Kate shook her head sorrowfully, found her handkerchief, and wiped her streaming eyes. “I was utterly powerless, helpless, Mari, and so frustrated. I've never really dispelled my anger, it's still there inside. It's gnawed at me for years. What happened ruined my life. I have never recovered from the loss of you, never really been happy, or had any peace of mind. I've always been haunted, worried about you. My only hope was that one day, when you were grown-up, you might want to meet your biological mother, and that
you'd
try to find
me
.”

Meredith, who had again been moved to tears by Kate's words, exclaimed, “But no one adopted me! They lied to you at Dr. Barnardo's. They put me on a boat with a lot of other children and shipped us all to Australia. I was in an orphanage in Sydney.”
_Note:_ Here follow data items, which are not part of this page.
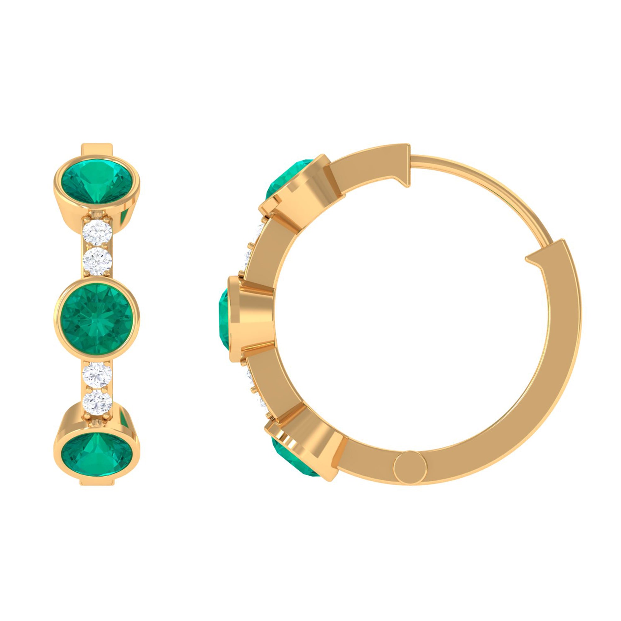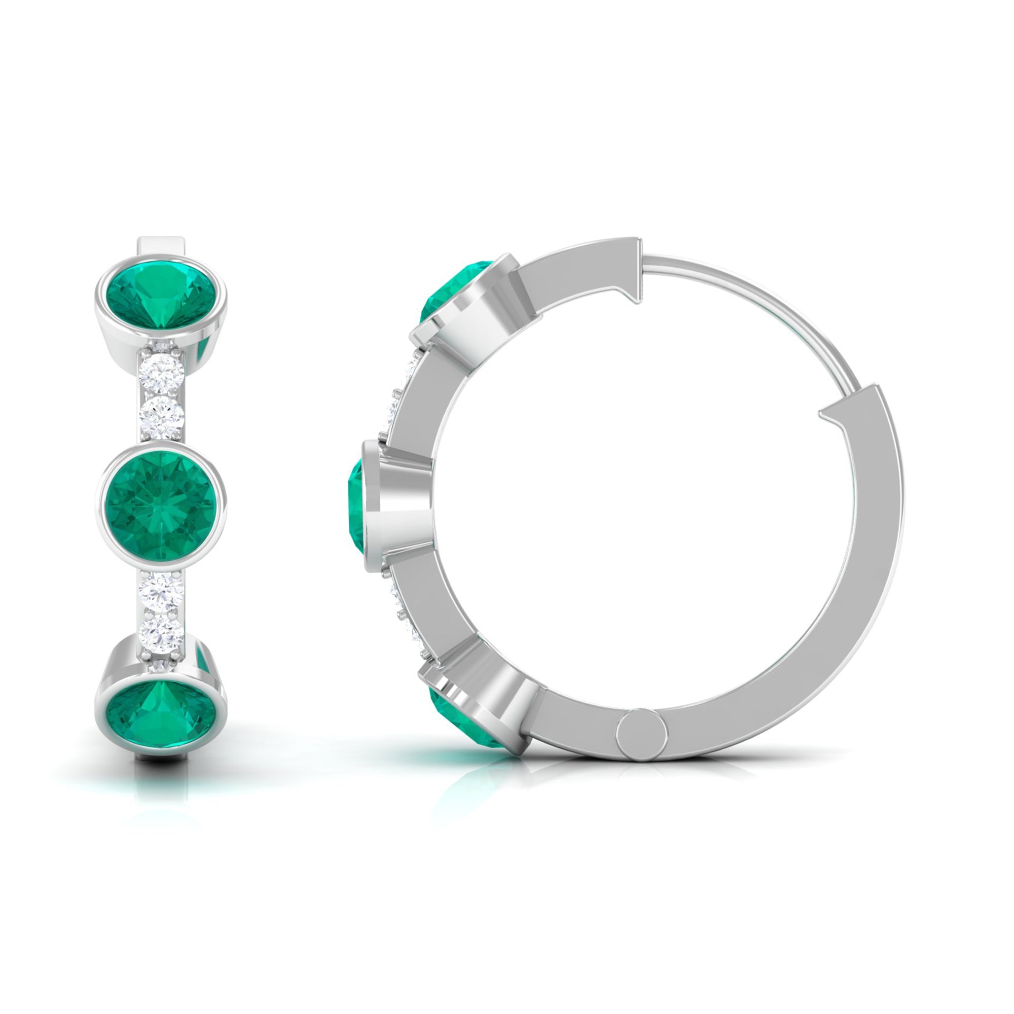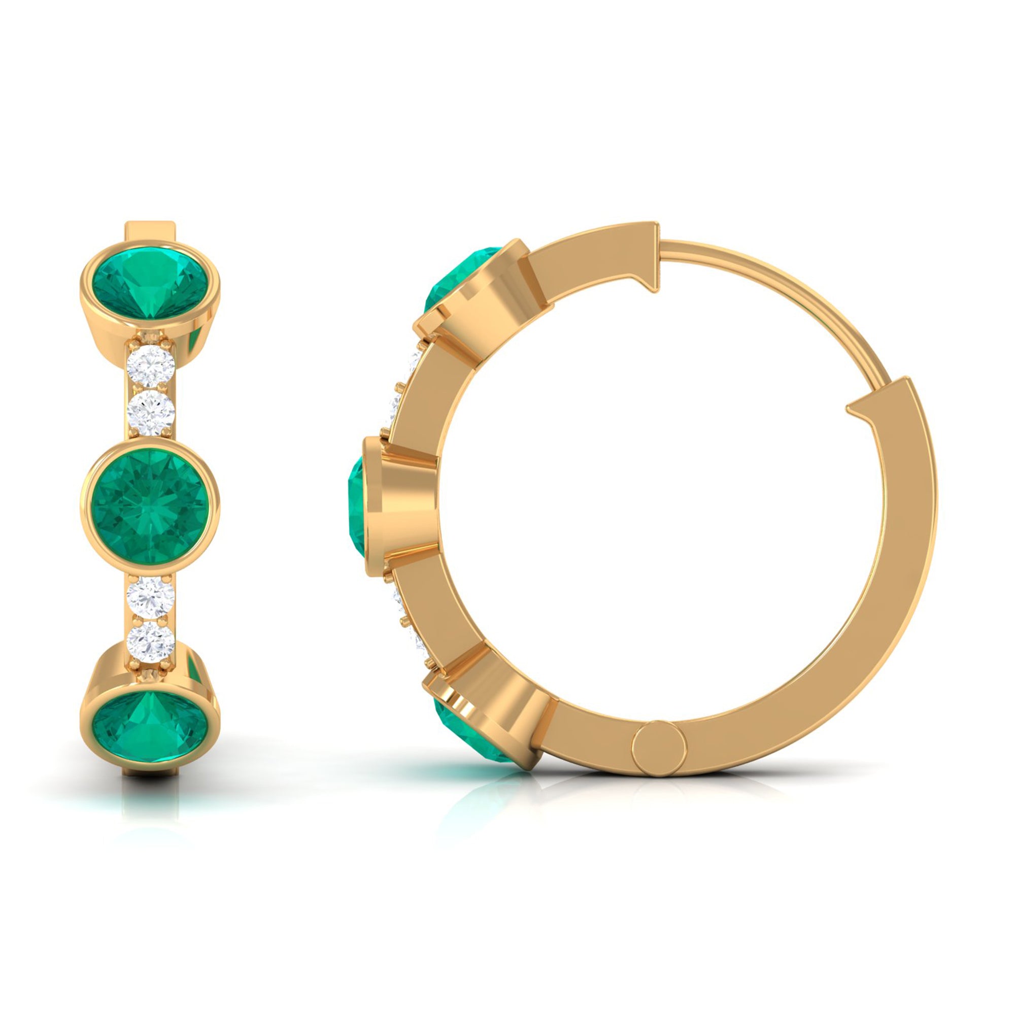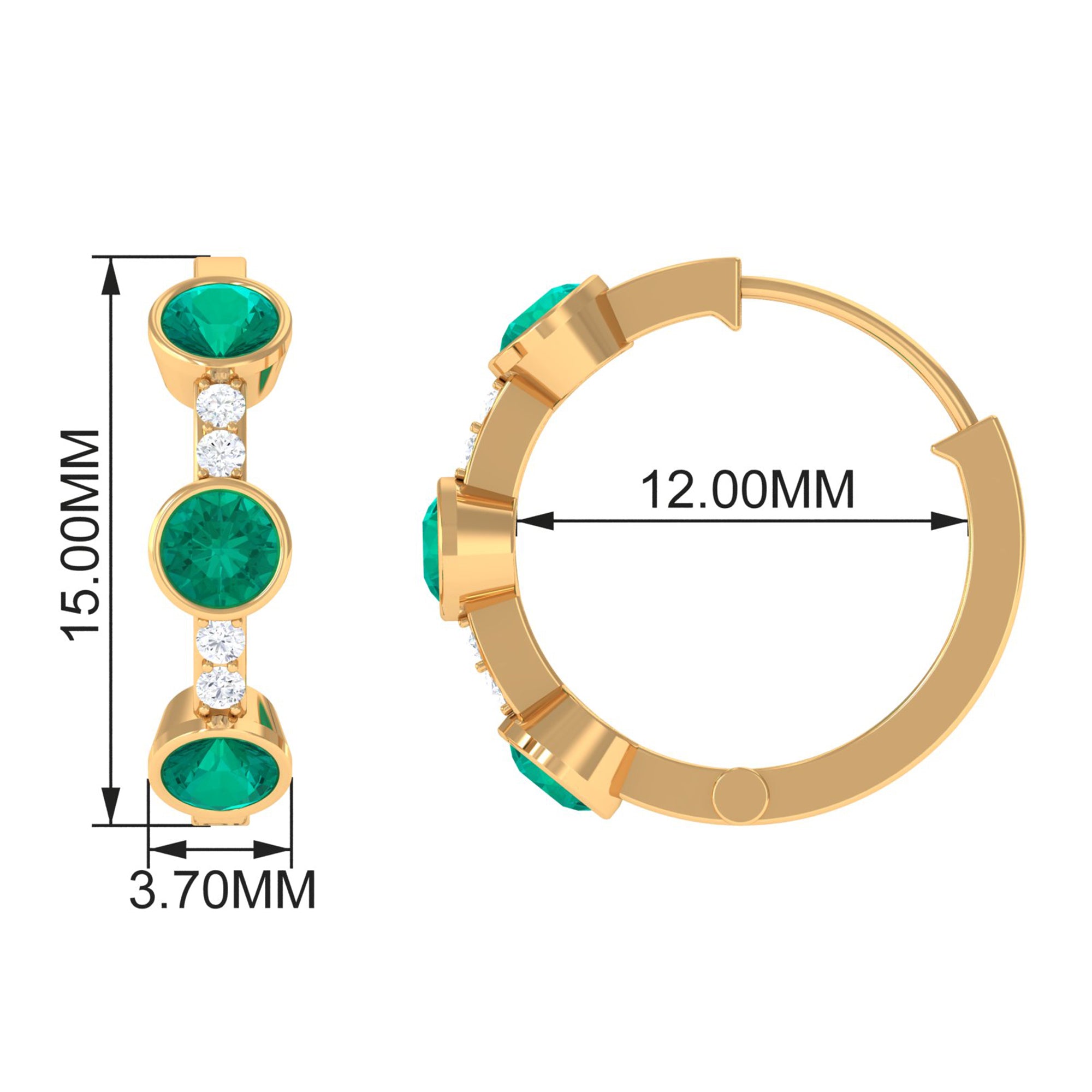 Elevate your style with these dazzling Emerald Hoop Earrings, designed to bring a modern twist to classic elegance. Each hoop features vibrant 3 mm Round Shape emerald stones that add a bold pop of color, beautifully balanced by the subtle sparkle of dainty Diamond stones. The Hinged design makes them easy to wear, providing a comfortable fit that lasts all day. These Emerald Diamond Earrings offer the ideal mix of sophistication and everyday charm, making them a piece you will reach for time and time again. Presented in a signature jewelry box, these Emerald Hoops also make a thoughtful and impressive gift for someone special, perfect for birthdays, anniversaries or celebrations. Versatile and chic, these Green Emerald Earrings effortlessly brighten any outfit while adding a hint of refined sparkle. Whether worn alone or stacked with other favorites, they are the kind of earrings that make you look polished with minimal effort.
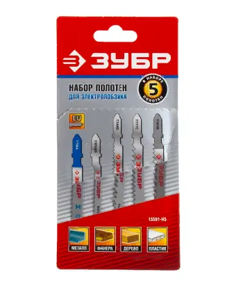 Набор ЗУБР "МАСТЕР" Полотна для эл/лобзика, по дереву и металлу, T-хвост, 5шт (15591-H5). Изготовлены на полностью автоматизированных производственных линиях с применением новейших методов шлифовки, разводки и заточки зубьев.
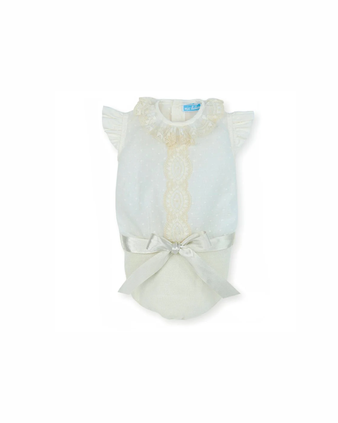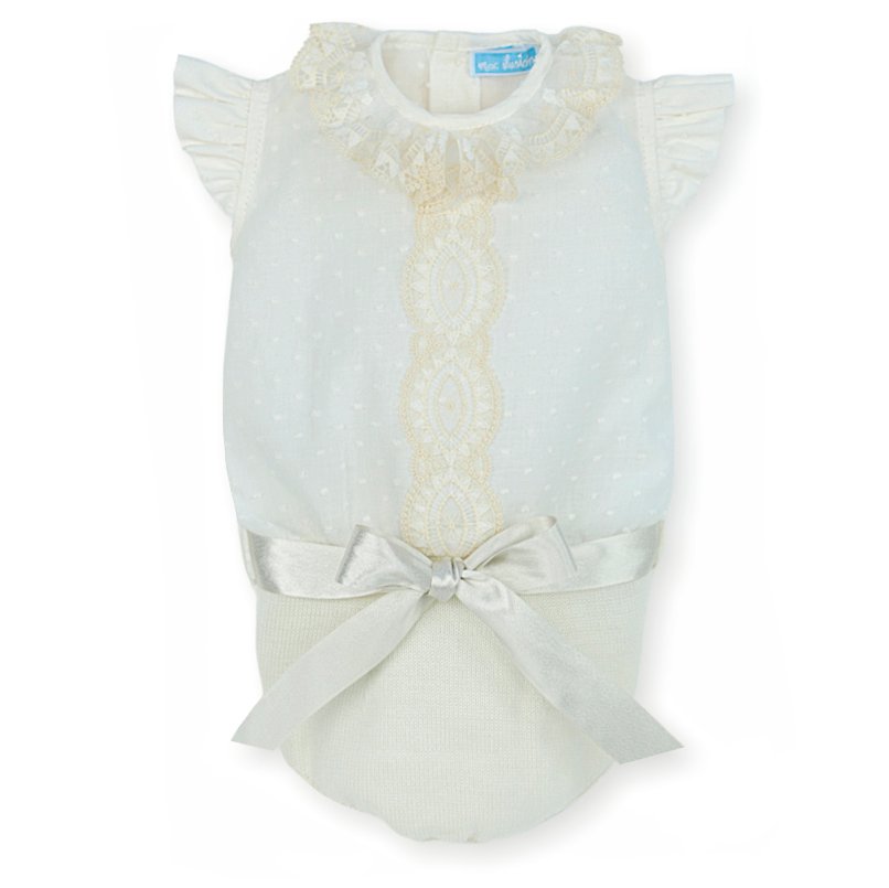 pelele corto crudo talle punto encaje y tejido abajo, con cinto de listón.
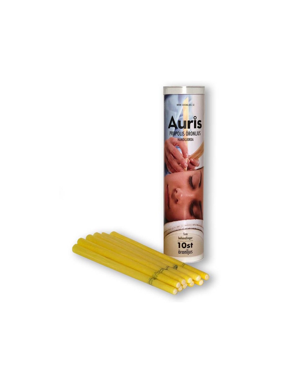 Slappna av med öronjus och upplev en befriande känsla. Lågans rörelser medför luftvibrationer i ljuset com tillsammans med ett lätt undertryck skapar mjuk massage för trumhinnan. Öronen, bihålorna och pannan känns befriande genom tryckutjämning och värme. För de allra flesta kommer känslan relativt omgående efter behandlingen och kan spontant även medföra en lättare näsandning. Våra öron är självrengörande men ibland strös systemet av att produktionen av öronvax tillsammans med hudavlagringar bildar vaxproppar. De kan bl.a. leda till beskymmer som t.ex. försämrad hörsel, pip- eller susljud, känsla av lock för öronen. Auris öronljus värmer upp örats inre väggar och vaxet mjukas upp. Den varma luften skapar ett vakuum och ett sug (skorstenseffekt). Detta hjälper till att transportera bort överflödigt vax, vätska och andra föroreningar och dessutom återställs korrekt spänning i trumhinnan. Auris öronljus innehåller propolis och förstärker örats naturliga försvar. Auris koniska öronljus är gjorda på 100% linnetyg rullade för hand med innehåll av bivax och propolis. Behandla alltid båda öronen vid varje tillfälle.
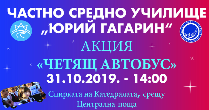 Акцията „Четящ автобус“ на ЧСУ „Юрий Гагарин“ ще се проведе във Варна на 31 октомври - в навечерието на Деня на народните будители
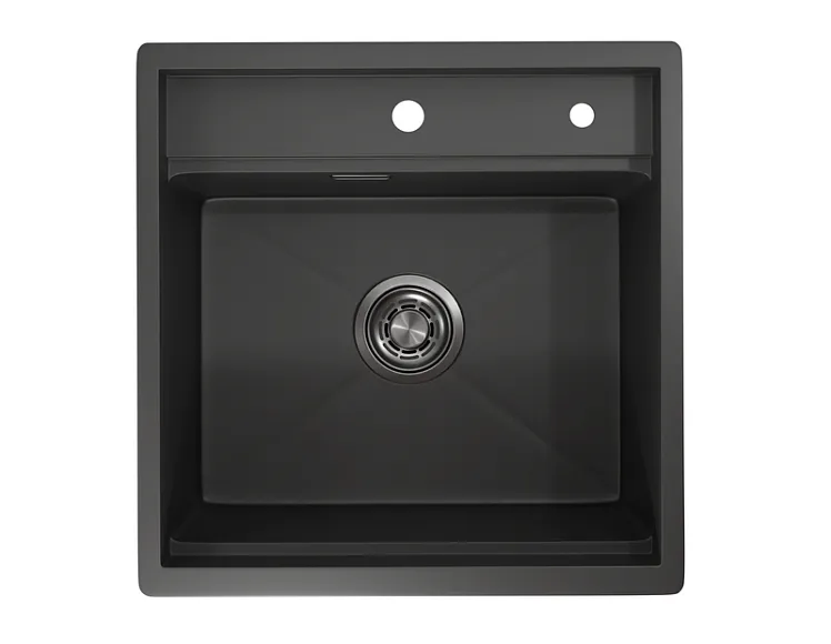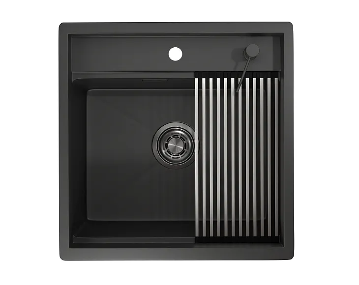 мойка, нержавеющая сталь, 500х510 мм, черный матовый, комплектация - металлический сифон, ролл-мат и дозатор

“An orphanage!” Kate was stunned. She stared at Meredith in horror as the terrible truth dawned on her. “What kind of thinking is that? It was stupidity to send you from an orphanage in England to another one at the far side of the world. And why?” She closed her eyes for a moment, then snapped them open. “They said you'd been adopted by a nice family, that you were living in another city in Britain. It was my only consolation . . . that you were growing up with people who cared about you, loved you, and were good to you. Now you're telling me you were never adopted.”

Kate was shaking.

Meredith soothed her, tried to calm her, then explained. “Well, I was adopted, but in Sydney, of course, not in England. When I was eight. But it was only for two years. The Strattons were killed in a car crash when I was ten. They weren't very nice people. Mr. Stratton's sister put me back in the orphanage.”

Stiffening on the sofa, grasping Meredith's hand tighter, Kate said in a fearful voice, “The Strattons didn't hurt you in any way, did they? Abuse you?”

“No, they didn't. But they weren't very loving or kind.” Now, staring at Kate in bafflement, Meredith went on. “If you didn't give them permission to send me to Australia, then how could Dr. Barnardo's do that? I mean, they did it without your consent.”

“Yes, they did.” Kate drew away slightly, and now it was her turn to give Meredith a piercing stare. “All of a sudden you sound as if you think I'm not telling you the truth. But I am, Mari. You must believe that.”